Identify issues or themes affecting your industry or line of work

My greatest problem within my industry is the level of competition. I don’t mean competitiveness, although undoubtedly this does go on, but I just choose to ignore it because (other than during music quizzes) I’m not at all competitive. I mean the sheer volume of other people doing the same things that I am doing; writing and blogging. First of all, the global nature of blogging means that I have a whole world of amazing blogs to compete with and could not possibly find out every single one of my blog ‘competitors’ because there are millions… And even in my subject sector (what exactly is that? thrift? fashion? DIY? lifestyle? food?) there are just too many for me to even research. In terms of writing, when I am aiming for national publications, I’m competing with all the other talented journalists in the country who all want to land a great article job or regular column for a digital publication. No doubt we all have our own specialisms and writing styles but again it’s a tough industry to break into and maintain a career in due, in part, to the vast numbers of ‘competition’.

What’s currently broken?

I think that there is a proliferation of digital publications and blogs who are not generating new content but are simply reposting other people’s ideas and content, writing lists and relying on images and less on writing or being creative. Some websites are specialists at this and I am happy to read them and even use them as a resource but when there are so many amazing writers out there, it seems a shame that publishers want to commission shorter written articles and more of these ‘top 5 of such and such..’ posts.

What is the competition failing at?

Possibly monetising their work. If bloggers and writers were being paid properly and regularly they would be able to dedicate more time to their work and the standard of their content would perhaps be better. I’m not saying that a half-an-hour post is any less important than something that has been researched and written over a week – I myself can really spurt something out quickly if I’m passionate and knowledgeable about the subject – I just want all writers to be given the means to be more creative in their work and needing to write a large volume of content quickly in order to pay the bills is never the best way to inspire creativity and new ideas.

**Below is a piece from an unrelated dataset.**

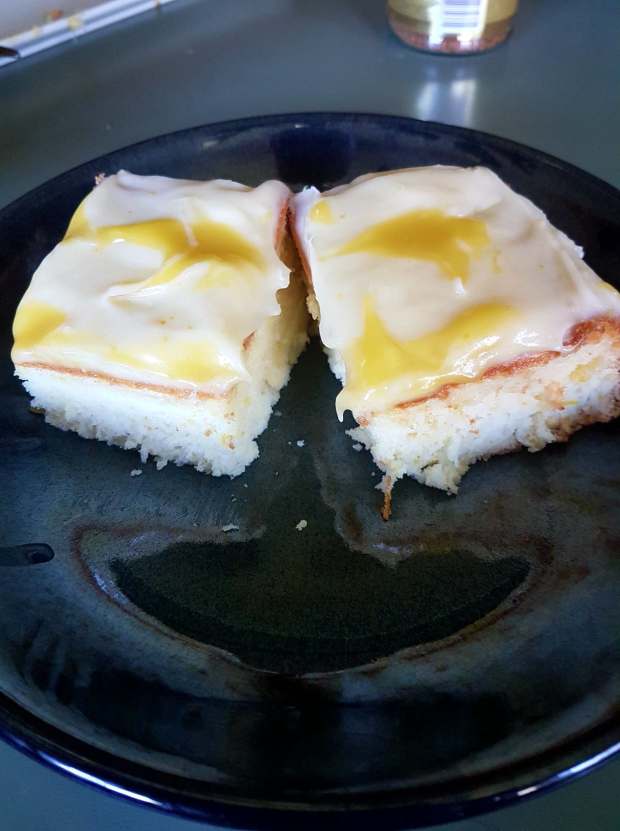 A hastily made cream cheese icing was spread on the cooled cake, then little dollops of the lemon curd were swirled over.
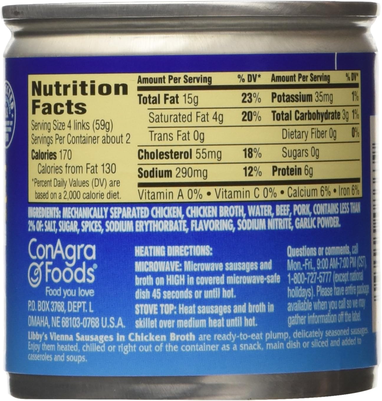 Maple Leaf Vienna Sausage - 113g | East Coast Catalog Maple Leaf Vienna Sausage - 113g | East Coast Catalog Home Maple Leaf Vienna Sausage - 113g Maple Leaf Vienna Sausage - 113g East Coast Catalog $5.48 CAD Qty. Add to Cart Qty available: 11 NOW AVAILABLE! Vienna Sausage delivers classic, mouthwatering flavour that's great any time of day. NEW Maple Leaf Canned Vienna Sausage, 24 x 113g BB2022NOV12 $48 CANNED VIENNA SAUSAGES: A convenient and delicious pantry stapleLONG-LASTING: Shelf-stable canned sausages stays fresh longerQUICK AND TASTY: Great cooked or straight out of the canREADY TO EAT: Precooked and smoked canned sausages ... Food; NEW Maple Leaf Canned Vienna Sausage, 24 x 113g BB2022NOV12 $48 (139073303) Vienna Sausage Nutrition Facts • MyFoodDiary® Log food: Maple Leaf Vienna Sausages Canned. 0.5 can (56g) Nutrition Facts. 120 calories. Log food: Goya Chicken Vienna Sausages Canned. 4 sausages (50g) Nutrition Facts. 120 calories. Log food: Brookdale Vienna Sausage. 1 can (130g) Nutrition Facts. 210 calories. Log food: Eat better. Feel better. Learn more MyFoodDiary. Top brands. Trader Joe ...

How could your skills help?

I think that my passion comes across in my writing – or at least I hope it does – and this will help my writing to stand out amongst all the other articles out there. I hope that I can create happy relationships with my readers – who I usually chat with as friends too! – and that they will come back to read my work wherever it is published. Therefore my writing will hopefully continue to land me more commissions and contracts so that I may dedicate more time to my ‘art’ and spend time researching, writing, photographing and creating engaging new content.

And that’s all for this section. I’ve actually not enjoyed answering these questions as much as the previous two segments and I think that’s because the questions have taken a negative stance, you know how much I hate to be a sour-puss. At least I have determined what I don’t want my work to become! Plus, I have found out that money is more important to me than I thought, something that I never thought I’d say – all of us artists, writers, crafters and creatives do what we do because we love it and would do it anyway even if we were not being paid – but I’ve found out that more paid work would enable me to spend more time on my work and perhaps better improve the quality of my research and writing – maybe! I don’t want to compete with ‘everyone in the world’ but I do want to carry on making an impact in my own corner of the world.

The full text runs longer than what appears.